(DIRECTIONS) Skip pictures in the listing below; copy exactly the lines from the one with "Okuldaki 5, 7" through the one with "Heat maps of", inclusive.

(PROVIDED MATERIAL)
------------------------------------------------------------------------

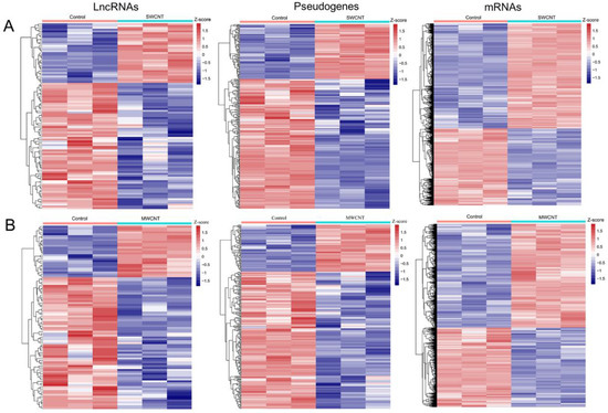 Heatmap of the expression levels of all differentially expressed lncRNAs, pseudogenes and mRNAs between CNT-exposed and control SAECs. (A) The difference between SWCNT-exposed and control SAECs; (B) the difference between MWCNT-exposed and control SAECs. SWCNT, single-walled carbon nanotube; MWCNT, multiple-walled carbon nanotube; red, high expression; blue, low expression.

------------------------------------------------------------------------

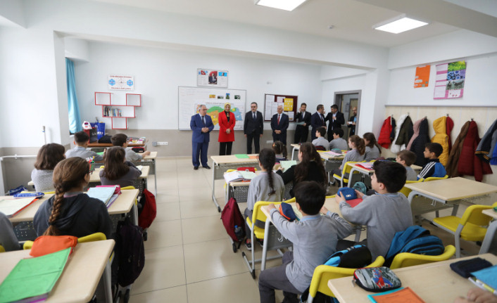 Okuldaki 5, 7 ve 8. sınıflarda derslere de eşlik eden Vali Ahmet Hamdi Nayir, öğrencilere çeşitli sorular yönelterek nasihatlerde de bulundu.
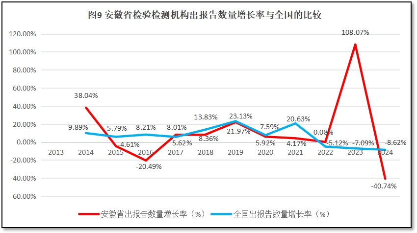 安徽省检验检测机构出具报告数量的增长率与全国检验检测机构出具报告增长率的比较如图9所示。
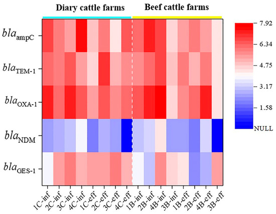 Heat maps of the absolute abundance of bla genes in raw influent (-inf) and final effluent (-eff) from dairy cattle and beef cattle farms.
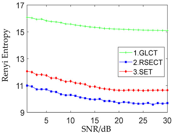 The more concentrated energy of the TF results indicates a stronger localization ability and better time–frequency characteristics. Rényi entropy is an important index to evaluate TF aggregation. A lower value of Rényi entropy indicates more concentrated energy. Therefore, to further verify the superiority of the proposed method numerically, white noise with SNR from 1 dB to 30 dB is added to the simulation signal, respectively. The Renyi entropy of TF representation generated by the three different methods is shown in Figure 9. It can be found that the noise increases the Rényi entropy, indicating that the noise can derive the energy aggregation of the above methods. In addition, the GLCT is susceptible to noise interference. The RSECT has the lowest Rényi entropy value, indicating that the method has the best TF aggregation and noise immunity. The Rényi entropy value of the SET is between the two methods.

------------------------------------------------------------------------

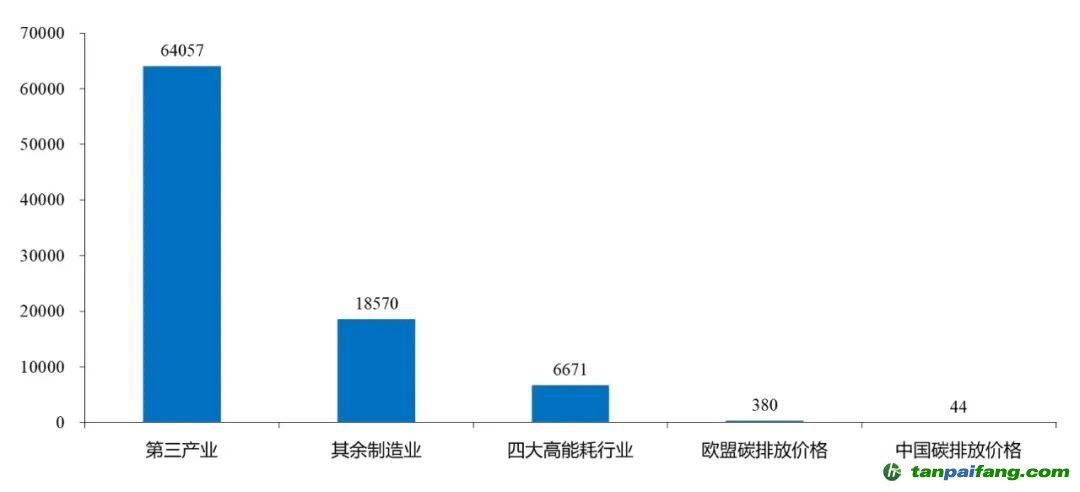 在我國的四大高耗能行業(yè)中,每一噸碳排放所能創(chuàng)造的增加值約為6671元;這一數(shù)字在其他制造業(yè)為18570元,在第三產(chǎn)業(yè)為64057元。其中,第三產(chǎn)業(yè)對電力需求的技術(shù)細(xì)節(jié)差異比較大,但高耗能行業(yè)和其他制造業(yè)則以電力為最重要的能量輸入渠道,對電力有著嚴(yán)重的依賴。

------------------------------------------------------------------------

(TASK OUTPUT)
 Okuldaki 5, 7 ve 8. sınıflarda derslere de eşlik eden Vali Ahmet Hamdi Nayir, öğrencilere çeşitli sorular yönelterek nasihatlerde de bulundu.
 安徽省检验检测机构出具报告数量的增长率与全国检验检测机构出具报告增长率的比较如图9所示。
 Heat maps of the absolute abundance of bla genes in raw influent (-inf) and final effluent (-eff) from dairy cattle and beef cattle farms.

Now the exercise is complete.